◆ **WHAT THIS TASK INVOLVES**
All that should be output is the block of lines below from the line with "نیعمه ت عه بدولا" to the line with "ریه وی ناوخو،", both included, exactly as written.
Top of THE RECORDS
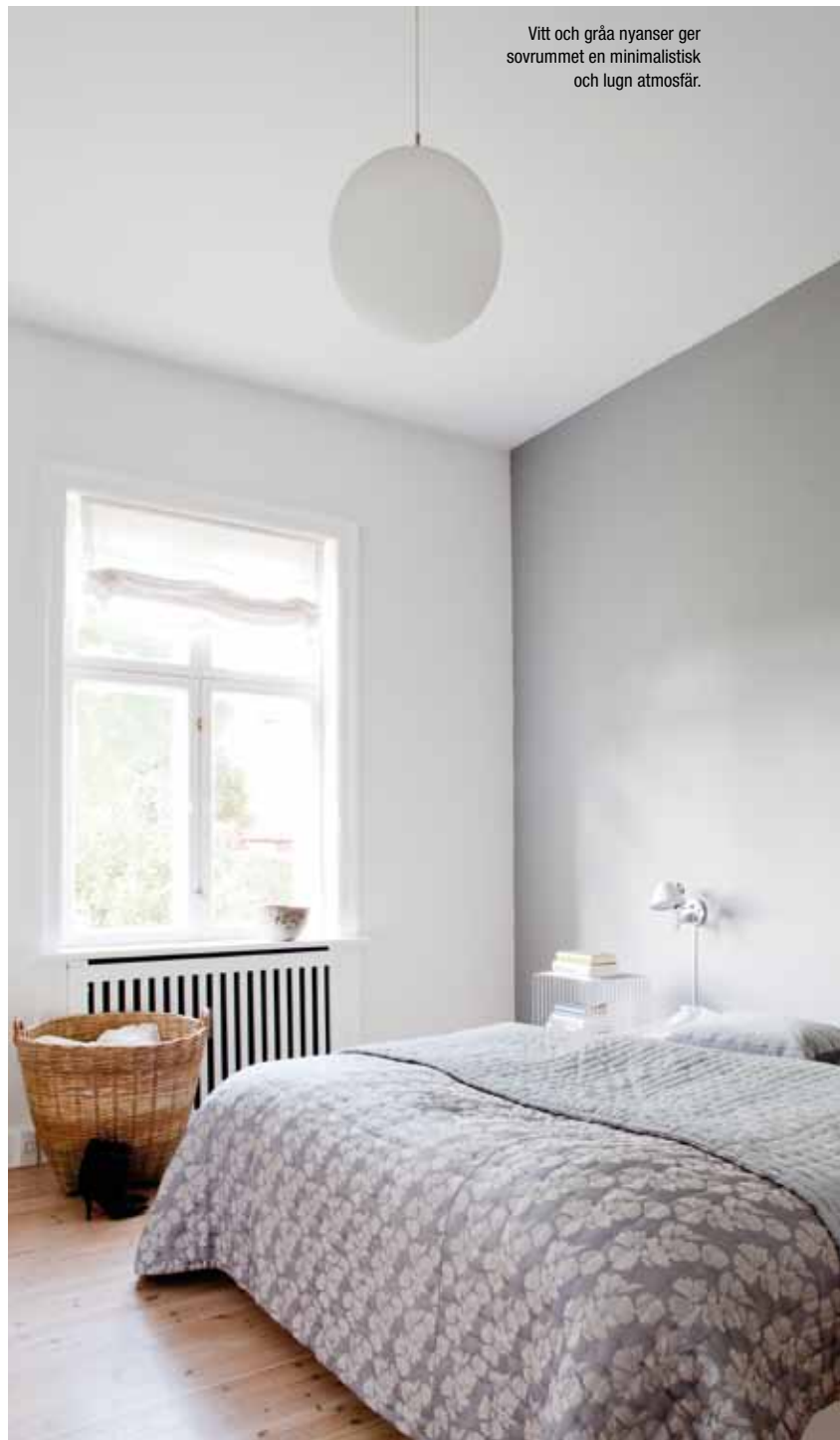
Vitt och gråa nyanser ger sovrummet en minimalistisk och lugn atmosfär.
Bottom of THE RECORDS
Top of THE RECORDS
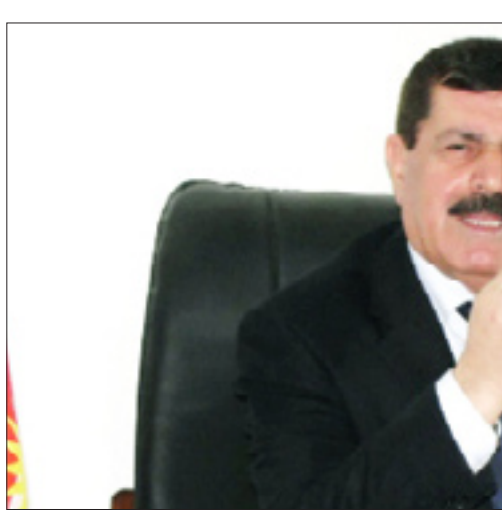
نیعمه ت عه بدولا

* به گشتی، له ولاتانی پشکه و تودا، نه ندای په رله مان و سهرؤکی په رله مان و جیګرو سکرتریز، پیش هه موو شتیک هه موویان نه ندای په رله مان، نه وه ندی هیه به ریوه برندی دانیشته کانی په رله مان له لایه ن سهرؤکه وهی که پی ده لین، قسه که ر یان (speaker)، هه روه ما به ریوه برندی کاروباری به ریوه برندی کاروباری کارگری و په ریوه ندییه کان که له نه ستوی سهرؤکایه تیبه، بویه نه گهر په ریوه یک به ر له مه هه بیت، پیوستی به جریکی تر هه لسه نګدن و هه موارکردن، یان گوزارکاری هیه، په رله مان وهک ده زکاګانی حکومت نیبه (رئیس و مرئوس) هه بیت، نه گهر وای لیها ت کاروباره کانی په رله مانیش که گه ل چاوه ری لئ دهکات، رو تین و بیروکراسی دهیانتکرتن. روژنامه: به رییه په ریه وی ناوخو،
Bottom of THE RECORDS
Top of THE RECORDS
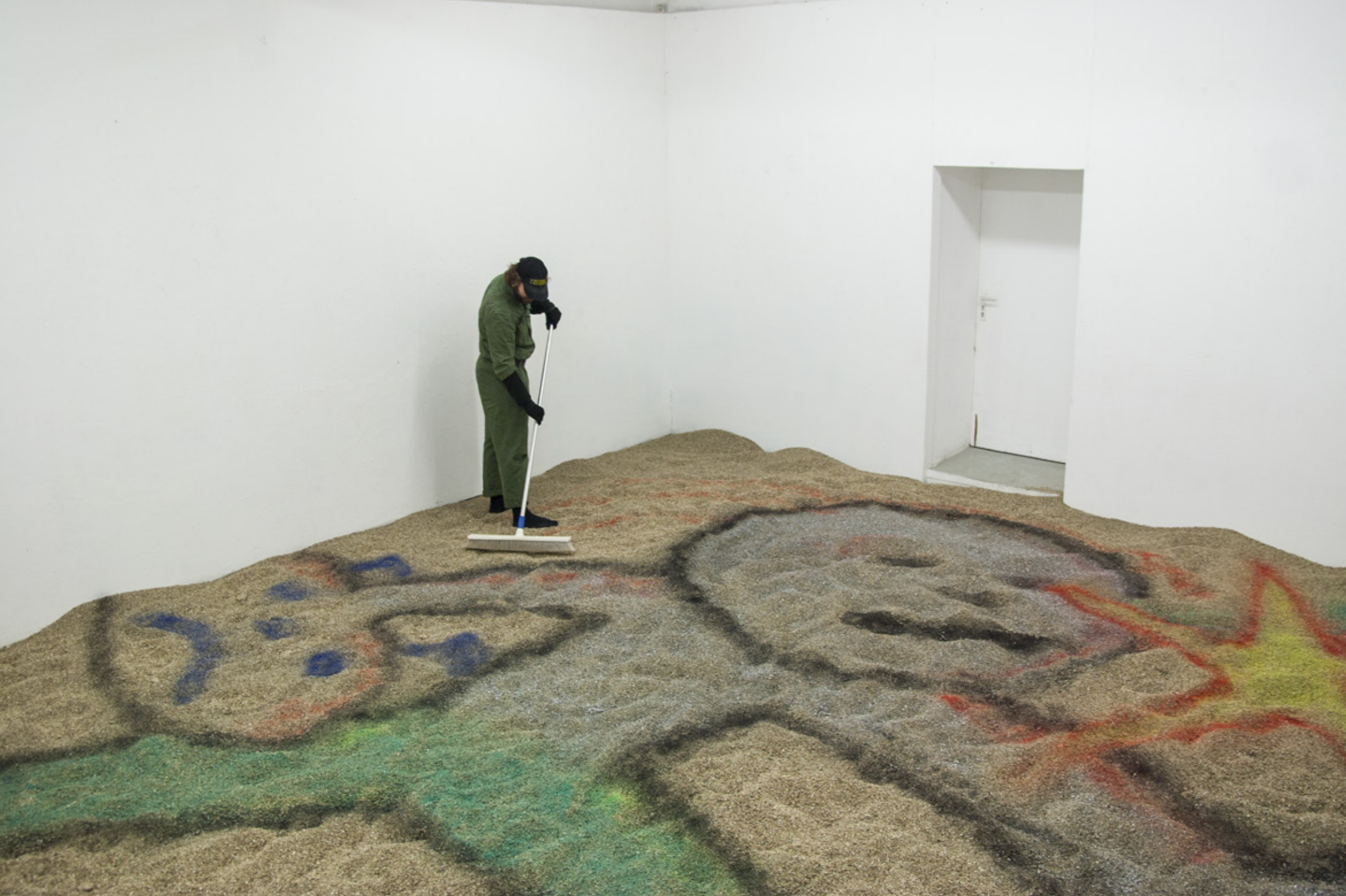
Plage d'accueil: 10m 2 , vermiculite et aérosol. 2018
Bottom of THE RECORDS
◆ **TASK RESULT**
نیعمه ت عه بدولا

* به گشتی، له ولاتانی پشکه و تودا، نه ندای په رله مان و سهرؤکی په رله مان و جیګرو سکرتریز، پیش هه موو شتیک هه موویان نه ندای په رله مان، نه وه ندی هیه به ریوه برندی دانیشته کانی په رله مان له لایه ن سهرؤکه وهی که پی ده لین، قسه که ر یان (speaker)، هه روه ما به ریوه برندی کاروباری به ریوه برندی کاروباری کارگری و په ریوه ندییه کان که له نه ستوی سهرؤکایه تیبه، بویه نه گهر په ریوه یک به ر له مه هه بیت، پیوستی به جریکی تر هه لسه نګدن و هه موارکردن، یان گوزارکاری هیه، په رله مان وهک ده زکاګانی حکومت نیبه (رئیس و مرئوس) هه بیت، نه گهر وای لیها ت کاروباره کانی په رله مانیش که گه ل چاوه ری لئ دهکات، رو تین و بیروکراسی دهیانتکرتن. روژنامه: به رییه په ریه وی ناوخو،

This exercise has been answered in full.